How to test well water

Well, water is defined as snow or rain that becomes groundwater and is filtered through the ground. The water then dissolves materials that exist on or in the ground and it eventually contaminates the water. In many states, it is not a requirement to have your well water tested.

It is left totally up to the homeowner, but most mortgage lenders require the potential homeowner to have the well tested before even purchasing the property. However, many local health departments require well-water testing before a new well is put into service, but there are no regulations governing water quality in private wells.

Well, water sometimes can possibly contain contaminants that are either man-made or natural. Some contaminants in drinking water have been linked to cancer and toxicity, which poses a risk to human health. Man-made contaminants range in a wide variety of chemicals such as synthetic organic compounds, heavy metals like lead and cadmium or salt, and brine which are used to salt the roads.

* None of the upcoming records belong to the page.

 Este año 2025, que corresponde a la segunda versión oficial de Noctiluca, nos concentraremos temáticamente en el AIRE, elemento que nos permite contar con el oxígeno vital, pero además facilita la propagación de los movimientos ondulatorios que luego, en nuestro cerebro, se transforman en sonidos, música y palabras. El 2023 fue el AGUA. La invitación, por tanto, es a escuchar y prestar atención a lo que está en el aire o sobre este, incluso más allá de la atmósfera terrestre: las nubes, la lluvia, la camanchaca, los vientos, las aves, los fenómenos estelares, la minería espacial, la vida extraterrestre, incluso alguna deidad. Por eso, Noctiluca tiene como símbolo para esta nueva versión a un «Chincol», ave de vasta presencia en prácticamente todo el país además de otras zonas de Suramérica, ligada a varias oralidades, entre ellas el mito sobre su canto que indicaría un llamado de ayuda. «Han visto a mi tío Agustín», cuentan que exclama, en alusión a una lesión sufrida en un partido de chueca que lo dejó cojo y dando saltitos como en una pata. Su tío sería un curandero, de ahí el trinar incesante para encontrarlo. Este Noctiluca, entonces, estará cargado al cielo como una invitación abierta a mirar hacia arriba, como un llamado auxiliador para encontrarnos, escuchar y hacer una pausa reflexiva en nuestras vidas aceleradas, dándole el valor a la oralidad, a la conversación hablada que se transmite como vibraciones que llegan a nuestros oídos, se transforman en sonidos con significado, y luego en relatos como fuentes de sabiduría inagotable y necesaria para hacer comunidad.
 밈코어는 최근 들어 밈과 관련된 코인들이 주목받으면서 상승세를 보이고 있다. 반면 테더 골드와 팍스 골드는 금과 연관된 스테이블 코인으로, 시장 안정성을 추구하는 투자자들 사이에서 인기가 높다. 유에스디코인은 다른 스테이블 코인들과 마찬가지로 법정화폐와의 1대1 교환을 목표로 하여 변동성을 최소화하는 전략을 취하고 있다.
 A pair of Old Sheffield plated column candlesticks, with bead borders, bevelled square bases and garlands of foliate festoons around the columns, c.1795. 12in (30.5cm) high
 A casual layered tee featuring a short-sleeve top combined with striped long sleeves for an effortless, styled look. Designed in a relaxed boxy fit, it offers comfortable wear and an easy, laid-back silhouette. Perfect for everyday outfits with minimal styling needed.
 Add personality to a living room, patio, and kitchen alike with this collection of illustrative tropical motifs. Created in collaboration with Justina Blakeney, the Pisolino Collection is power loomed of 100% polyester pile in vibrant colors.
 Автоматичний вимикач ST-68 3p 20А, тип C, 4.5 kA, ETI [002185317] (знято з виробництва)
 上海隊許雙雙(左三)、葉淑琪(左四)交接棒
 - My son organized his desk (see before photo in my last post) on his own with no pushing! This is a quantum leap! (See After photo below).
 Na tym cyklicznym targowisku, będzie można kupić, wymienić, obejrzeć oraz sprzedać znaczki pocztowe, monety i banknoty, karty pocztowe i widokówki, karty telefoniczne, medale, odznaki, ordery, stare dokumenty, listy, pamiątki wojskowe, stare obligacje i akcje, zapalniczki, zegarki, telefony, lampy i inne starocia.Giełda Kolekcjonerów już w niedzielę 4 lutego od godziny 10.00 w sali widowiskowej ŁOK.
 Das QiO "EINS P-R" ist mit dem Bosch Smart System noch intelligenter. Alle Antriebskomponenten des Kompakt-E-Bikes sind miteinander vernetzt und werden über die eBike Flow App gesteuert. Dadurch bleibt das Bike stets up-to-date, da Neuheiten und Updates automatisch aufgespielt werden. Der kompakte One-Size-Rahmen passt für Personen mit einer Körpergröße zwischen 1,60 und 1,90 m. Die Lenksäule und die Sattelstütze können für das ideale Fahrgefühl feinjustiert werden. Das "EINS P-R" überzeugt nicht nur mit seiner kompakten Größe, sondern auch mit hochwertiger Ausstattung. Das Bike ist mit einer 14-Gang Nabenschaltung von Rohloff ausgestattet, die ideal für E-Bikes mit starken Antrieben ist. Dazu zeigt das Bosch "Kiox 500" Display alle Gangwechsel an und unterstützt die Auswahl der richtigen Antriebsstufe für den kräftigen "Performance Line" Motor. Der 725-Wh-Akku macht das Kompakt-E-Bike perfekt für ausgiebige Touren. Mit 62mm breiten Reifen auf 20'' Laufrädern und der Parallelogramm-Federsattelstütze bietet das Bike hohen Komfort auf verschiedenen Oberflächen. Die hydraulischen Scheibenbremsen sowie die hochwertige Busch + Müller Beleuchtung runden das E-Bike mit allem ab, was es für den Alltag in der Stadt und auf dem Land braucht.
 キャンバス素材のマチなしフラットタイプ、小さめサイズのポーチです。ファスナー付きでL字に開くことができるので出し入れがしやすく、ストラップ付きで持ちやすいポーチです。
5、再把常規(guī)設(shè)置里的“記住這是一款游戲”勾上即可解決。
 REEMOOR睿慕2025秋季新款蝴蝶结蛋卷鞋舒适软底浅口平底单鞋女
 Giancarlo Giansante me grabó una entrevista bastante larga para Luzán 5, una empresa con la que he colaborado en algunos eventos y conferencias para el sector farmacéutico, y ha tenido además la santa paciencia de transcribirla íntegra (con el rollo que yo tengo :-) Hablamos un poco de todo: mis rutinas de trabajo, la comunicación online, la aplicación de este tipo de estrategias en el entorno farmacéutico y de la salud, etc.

Industrial activities, improper waste disposal, and fuel spills have a great effect on the ground and introduce hazardous substances into the ground. Even a homeowner themselves can affect their water supply without knowing it. Unknowingly a homeowner who introduces fertilizers and pesticides, fuel for lawn equipment, and disposing of household chemicals can contaminate their own water.

Many natural contaminants such as calcium, magnesium, and fluoride just occur in water naturally. As many of 50 minerals may occur in water but these generally do not cause health problems because of the scant amount existing in the water. Most of the natural contaminants cause the water to taste, smell, or cause the water to be hard.

A homeowner who wishes to have their private well tested may contact either their local or state department of public health or a private laboratory that is certified to perform drinking water analyses. It is recommended that the homeowner choose an EPA or State certified laboratory.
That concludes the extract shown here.